Es reicht, wenn du versuchst selbst ein Beispiel zu geben – durch dein Leben. Kein selbstgefälliges, sondern ein wohlgefälliges. Nicht für dich selbst und dein eigenes Gewissen, sondern für den anderen. Kein scheinheiliges Leben, sondern ein geheiligtes – damit wir die Schwachen nicht vor den Kopf stoßen und damit zu Fall bringen.

Unsere Kritiker und die, die gegen die Kirche ins Feld ziehen werden wir damit nicht überzeugen, aber die, die sich auf den Weg gemacht haben, die Suchenden, weil sie spüren, welchen Reichtum und welch großen Schatz der Glaube birgt, die sollen wir nicht zu Fall bringen.

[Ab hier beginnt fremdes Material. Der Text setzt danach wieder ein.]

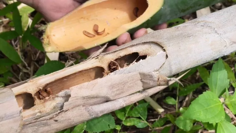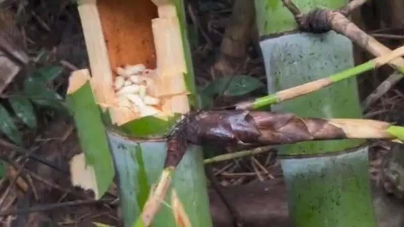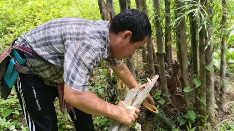 เมื่อพบลำไผ่ที่คาดว่าจะมีนอน ชาวบ้านจะใช้มีดเฉือนหรือขวานผ่าอย่างระมัดระวัง เพื่อไม่ให้หนอนเสียหาย ก่อนเก็บใส่กระบอกไม้ไผ่ โดยหนึ่งวันสามารถเก็บได้ตั้งแต่ ครึ่งกิโลกรัมถึงสองกิโลกรัม แล้วแต่พื้นที่นั้นมีไผ่ชุกชุมเพียงใด

Auch unsere Konfirmanden brauchen uns als gute Beispiele und Vorbilder, dass sie an uns sehen, was es heißt, mit Christus sein Leben zu meistern. Keine Gemeinde von Saubermänner, sondern aufrechte, redliche Menschen – „die Gemeinde der Sünder“, denen man abspürt, dass sie aus der Barmherzigkeit und der Vergebung Gottes leben. Täglich.

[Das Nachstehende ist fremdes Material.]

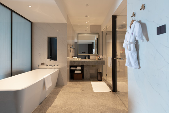 洗浴用品选用了以天然矿物温泉活肤为理念的贝佳斯,开放式浴缸空间,兼容了干湿分离的卫浴空间。

Wenn das gelingt, dann ist schon sehr viel gewonnen.
in einem Fastenkalender standen auf einem Kalenderblatt nur diese zwei Sätze: Nehmen wir an, es kämen welche und wollten sie verhaften, weil sie ein Christ sind. Fänden sie genug Beweise, um sie zu überführen?
Und wir können nur sagen: Hoffentlich.